* [Work item] Print the listing in its entirety and exactly, leaving out images.

* [Data]
=======
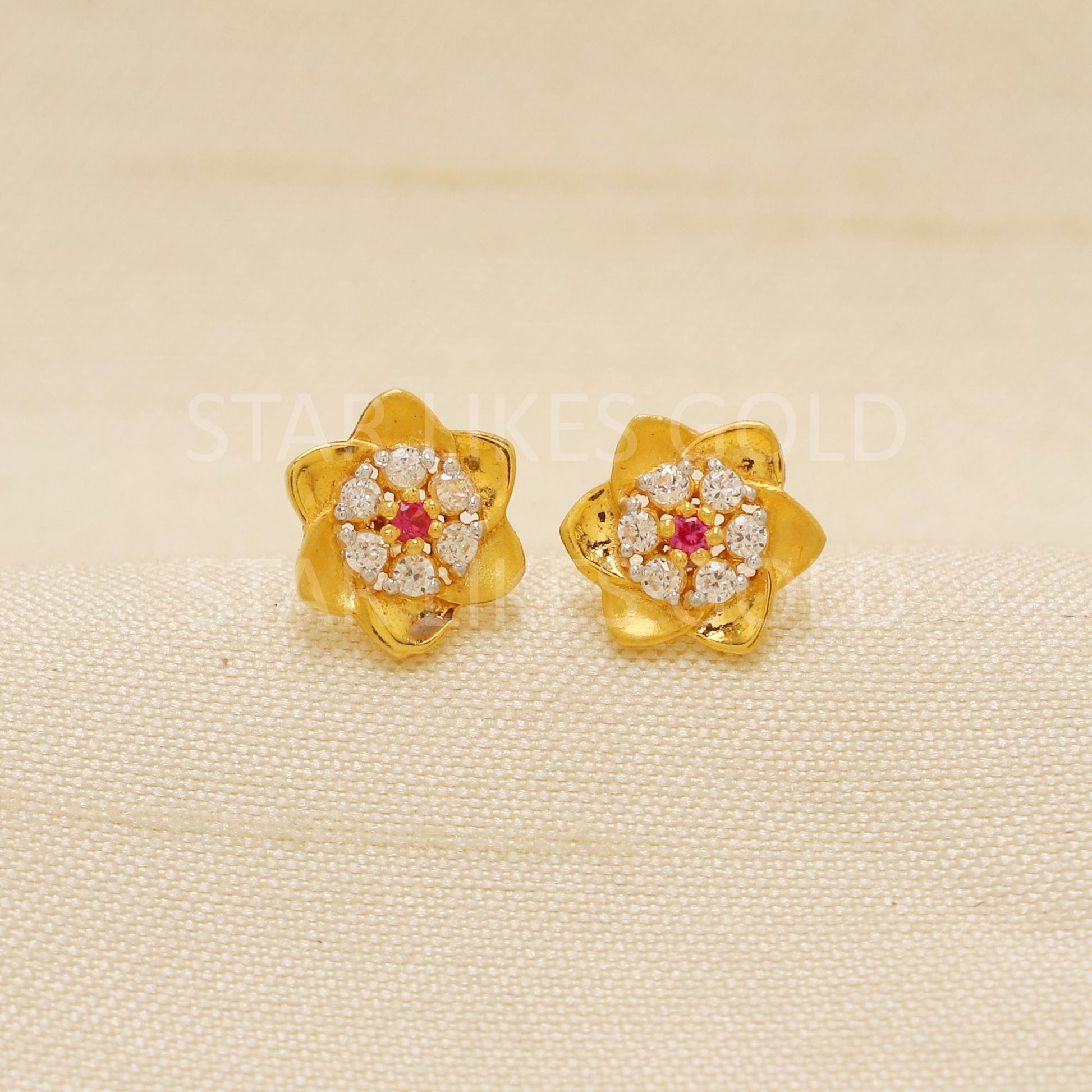 18K Gold Floral Stud Earrings | Ruby and CZ Flower Design | Secure Screw Back Indian Gold Jewelry
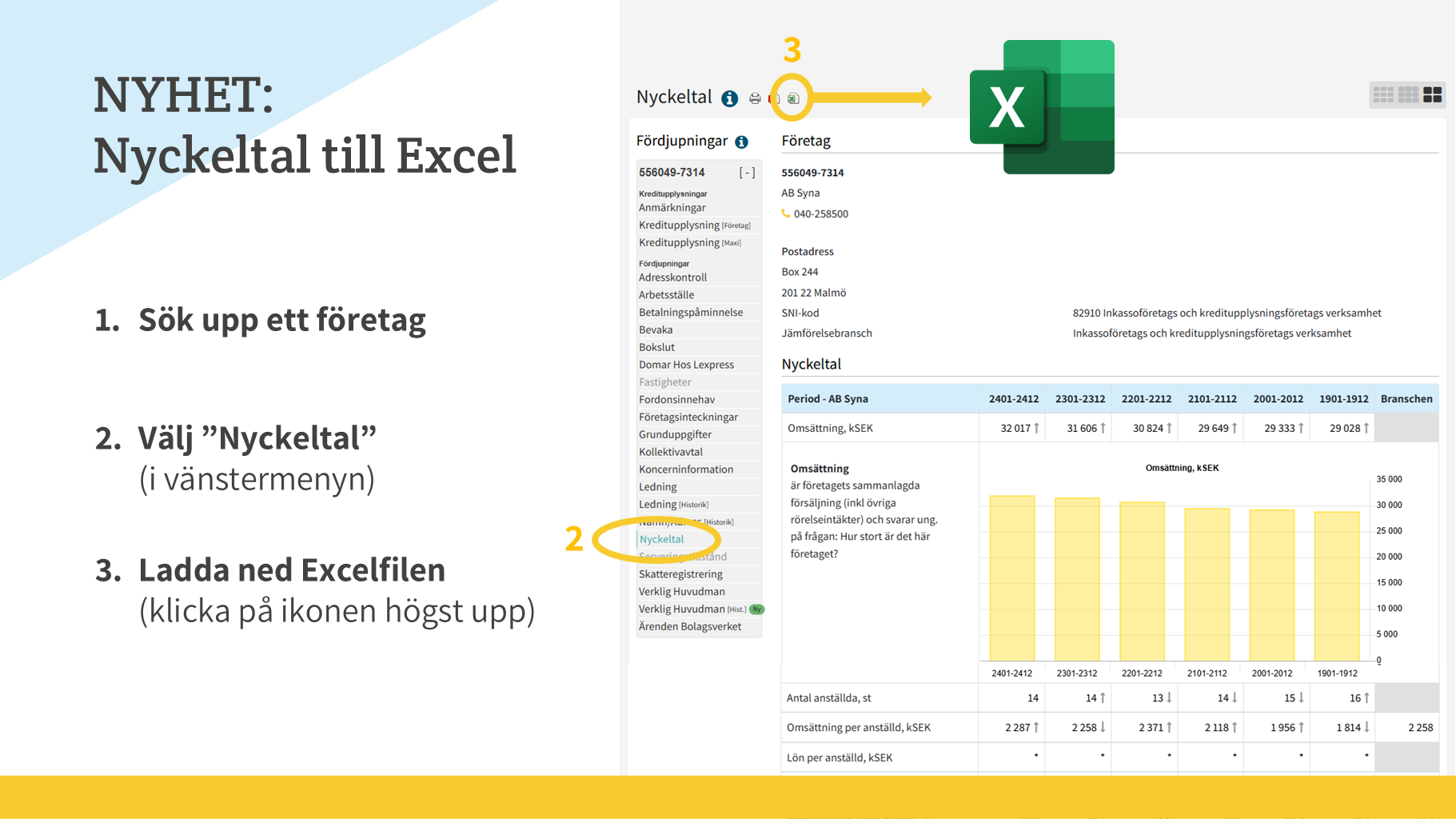 Nu kan du ladda ned “Nyckeltal” i en Excel-fil. Du får siffror för de senaste sex åren, uppställda på samma sätt för alla företag. Sök upp ett företag, välj Nyckeltal i vänstermenyn och klicka på Excel-ikonen högst upp.
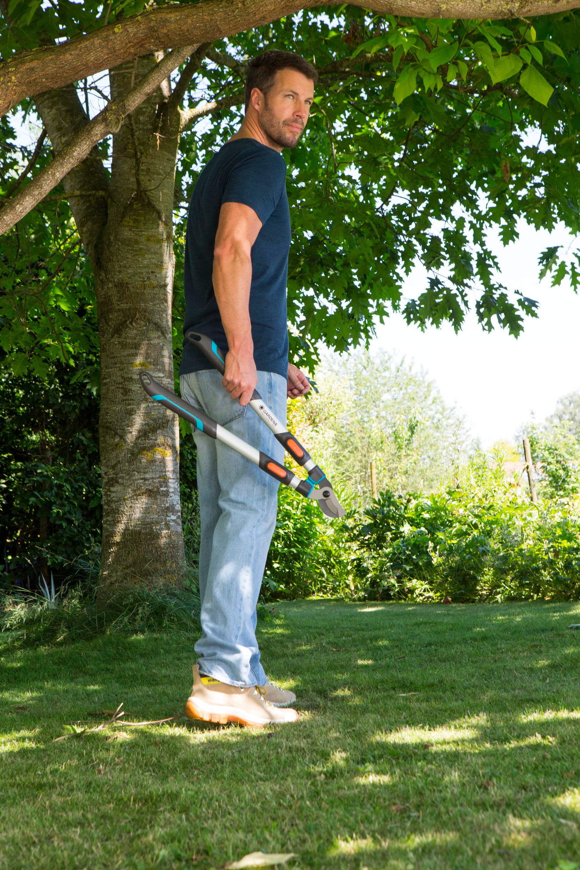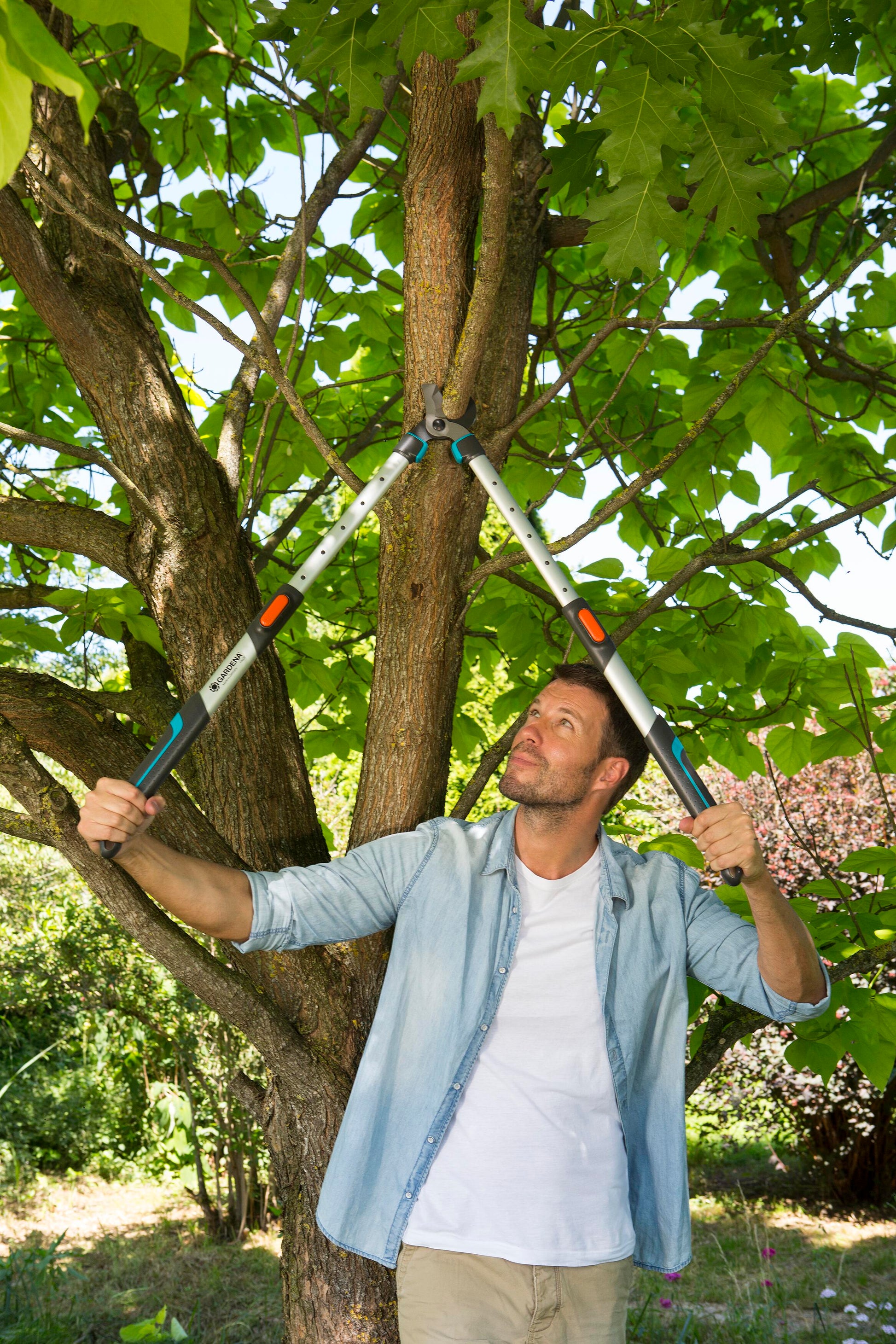 Il Troncarami TeleCut 650-900 B GARDENA è un modello bypass per tagliare il legno fresco. Grazie al suo peso ridotto e all'eccellente azione della leva, lo sforzo necessario per tagliare è minimo. La regolazione telescopica dei bracci, permette di tagliare i rami alti. Inoltre, gli ammortizzatori paracolpi in plastica proteggono le articolazioni. Le lame di precisione con rivestimento antiaderente garantiscono un taglio preciso e delicato sulle piante. 25 anni di garanzia.
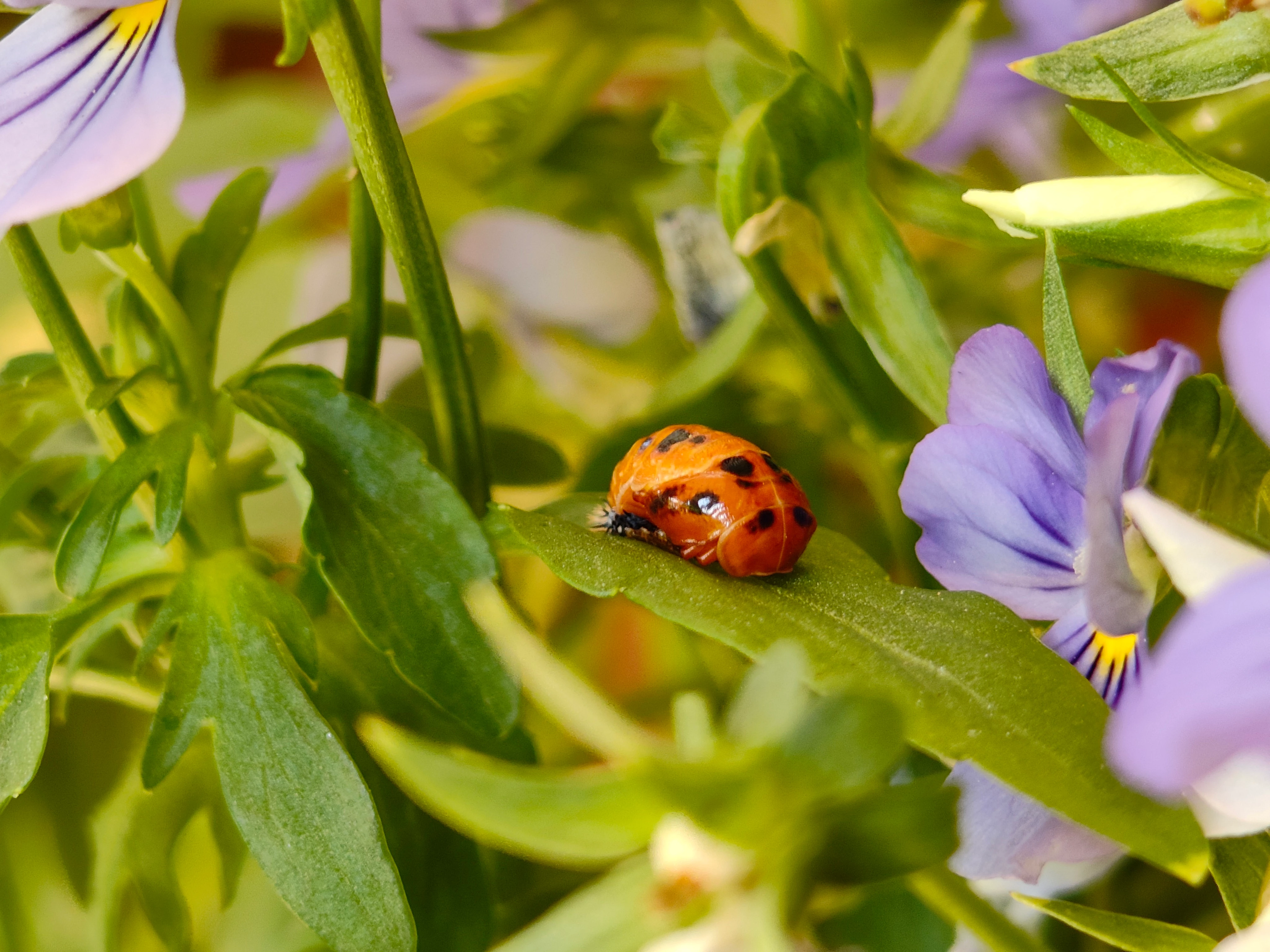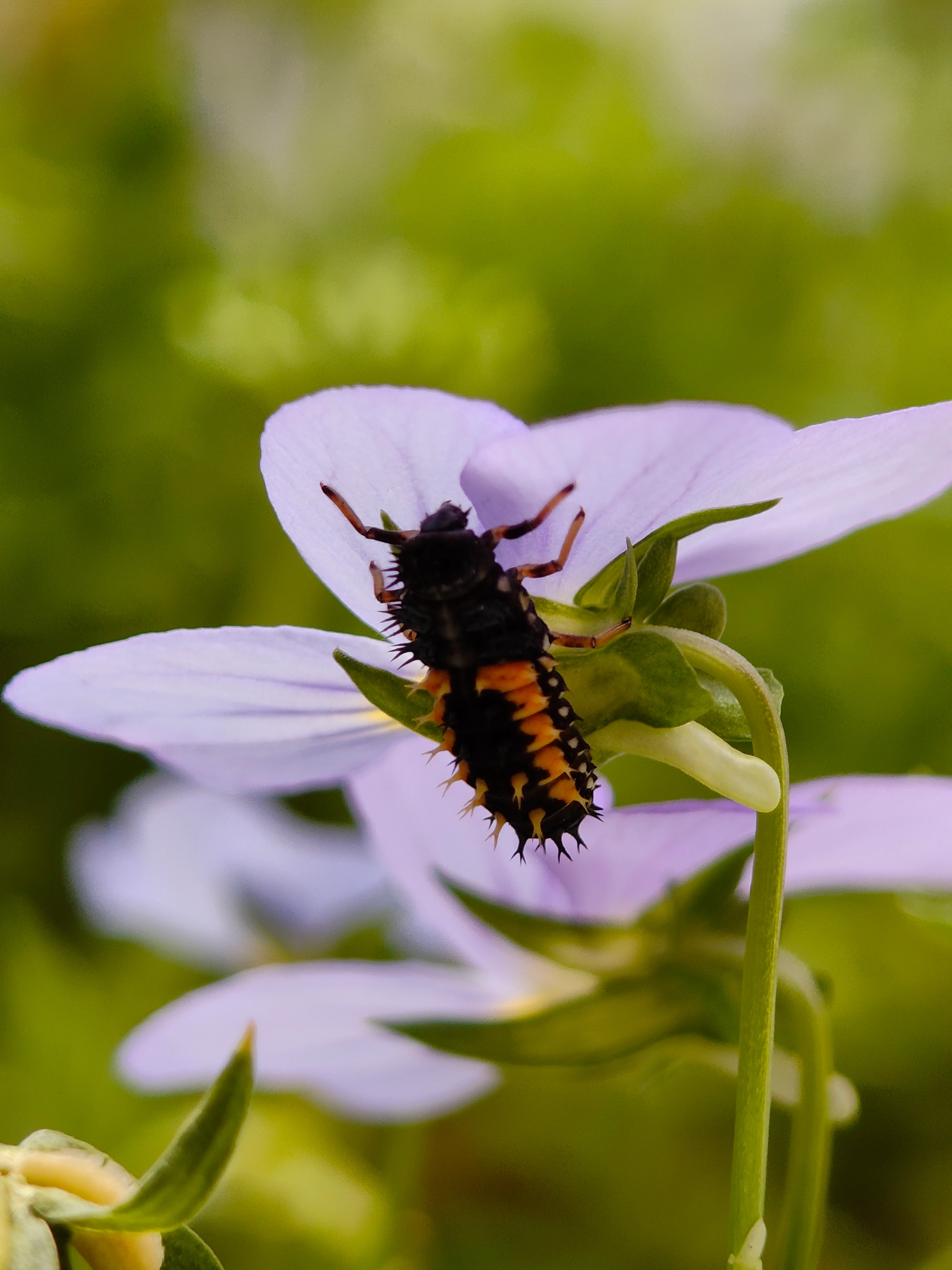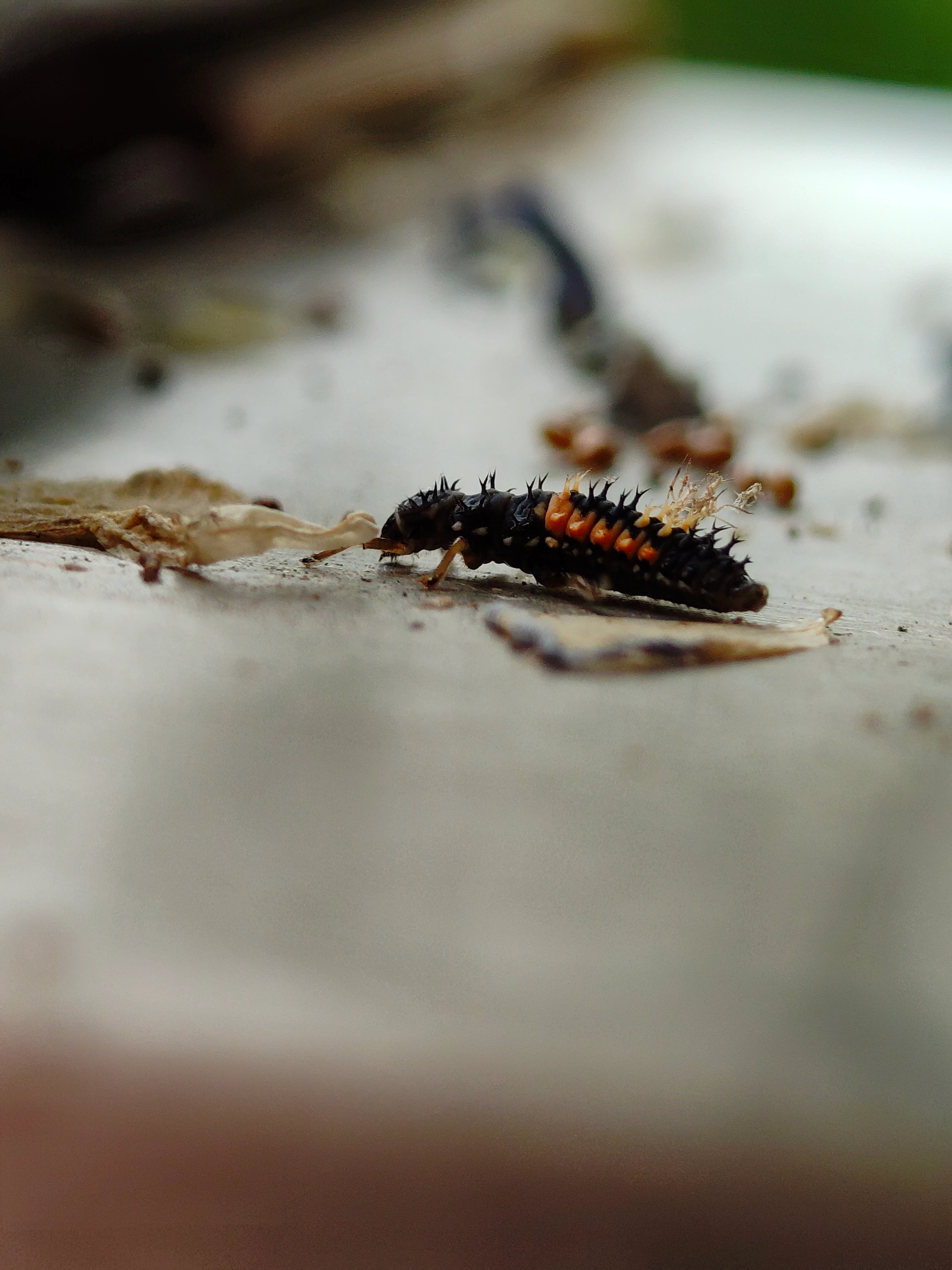Die waren auf einmal überall und irgendwann schickte mir meine Frau die Auflösung: Es ist eine Marienkäferlarve. Die sind echt flink unterwegs und teilweise echt schwer zu fotografieren, aber hier noch ein paar Bilder:
=======
* [Result of this task]
 18K Gold Floral Stud Earrings | Ruby and CZ Flower Design | Secure Screw Back Indian Gold Jewelry
 Nu kan du ladda ned “Nyckeltal” i en Excel-fil. Du får siffror för de senaste sex åren, uppställda på samma sätt för alla företag. Sök upp ett företag, välj Nyckeltal i vänstermenyn och klicka på Excel-ikonen högst upp.
 Il Troncarami TeleCut 650-900 B GARDENA è un modello bypass per tagliare il legno fresco. Grazie al suo peso ridotto e all'eccellente azione della leva, lo sforzo necessario per tagliare è minimo. La regolazione telescopica dei bracci, permette di tagliare i rami alti. Inoltre, gli ammortizzatori paracolpi in plastica proteggono le articolazioni. Le lame di precisione con rivestimento antiaderente garantiscono un taglio preciso e delicato sulle piante. 25 anni di garanzia.
Die waren auf einmal überall und irgendwann schickte mir meine Frau die Auflösung: Es ist eine Marienkäferlarve. Die sind echt flink unterwegs und teilweise echt schwer zu fotografieren, aber hier noch ein paar Bilder:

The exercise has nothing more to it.